Я изучил мигрень во всем ее мучительном многообразии, оттенках и переливах. Мы с ней заклятые друзья. Теперешняя боль напоминала зубную и проявлялась приступообразно. Когда я наконец решил поспать, из этого ничего не вышло. Пришлось купить снотворное.
Стоя у окна, я некоторое время раздумывал, какая доза необходима, чтобы усмирить свирепого зверя в моей черепушке. Одной не хватит. Я положил на ладонь две глянцевые продолговатые пилюли. Решил, что этого недостаточно, добавил третью. Подумал, что и эта доза не поможет. Ощутив на себе чей-то пристальный, тяжелый взгляд, я поднял глаза — и едва не задохнулся от ужаса и омерзения. Карниз тесно обсели птицы, буравя меня своими выпуклыми, цепкими, колючими глазами. Я ощутил знакомую тяжесть в затылке; что-то тягучее и черное разливалось по всему телу, точно мне впрыснули в кровь горячую смолу. С холоднокровием естествоиспытателя я наблюдал за своей правой рукой, щедро отсыпающей пилюли в ладонь левой. Птицы смотрели поощрительно. Тревога сменилась чувством безысходности, необходимости и неизбежности происходящего. Меня придавило апатией, тягостным и горьким пониманием того, что так надо. Я медленно поднес ладонь с пилюлями ко рту, но при виде этой белоснежной горстки меня охватила внезапная ярость. Стряхнув оцепенение, я на ватных ногах подошел к окну и швырнул в форточку сначала те пилюли, что были у меня в руке, а после — все оставшиеся, вместе с пузырьком.

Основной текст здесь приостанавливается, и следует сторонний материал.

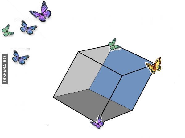 Trei fluturi în zbor se așează pe trei colțuri distincte ale unui cub. Care e probabilitatea ca triunghiul, în vârfurile căruia s-au așezat fluturii, să fie triunghi dreptunghic ? |

Птицы успели предусмотрительно ретироваться вглубь дворика. Это привело меня в бешенство. Умом я понимал, что открывать окно нельзя ни в коем случае, но уже не мог противиться внезапно накатившим чувствам. Одолев неподдающиеся створки, я стал бросать во двор, как в пасть прожорливого монстра, все, что попадалось под руку. Войдя во вкус, я обнял шкаф и поволок его с истошным скрежетом туда же, к черному жерлу, втиснул, как в пазы, в проем окна и стал отчаянными толчками проталкивать.
Когда в дверь постучали, я сидел на полу, опустошенно привалясь к торчащим ножкам шкафа: верхняя его часть была снаружи, нижняя повисла в комнате. Не сразу определив источник шума, который я поначалу принял за помехи в голове, я понуро поплелся открывать. За дверью стоял дворник, похожий на приземистый, замшелый пень, пустивший корни на моем пороге. Мозолистые руки с крепкими и прямыми, как стволы сиринги, пальцами неуклюже висели вдоль туловища. Это были руки, непривычные к праздности, и даже в состоянии покоя от них веяло силой и мощью античного божества. Такими кулачищами герои мифов лущат головы врагов.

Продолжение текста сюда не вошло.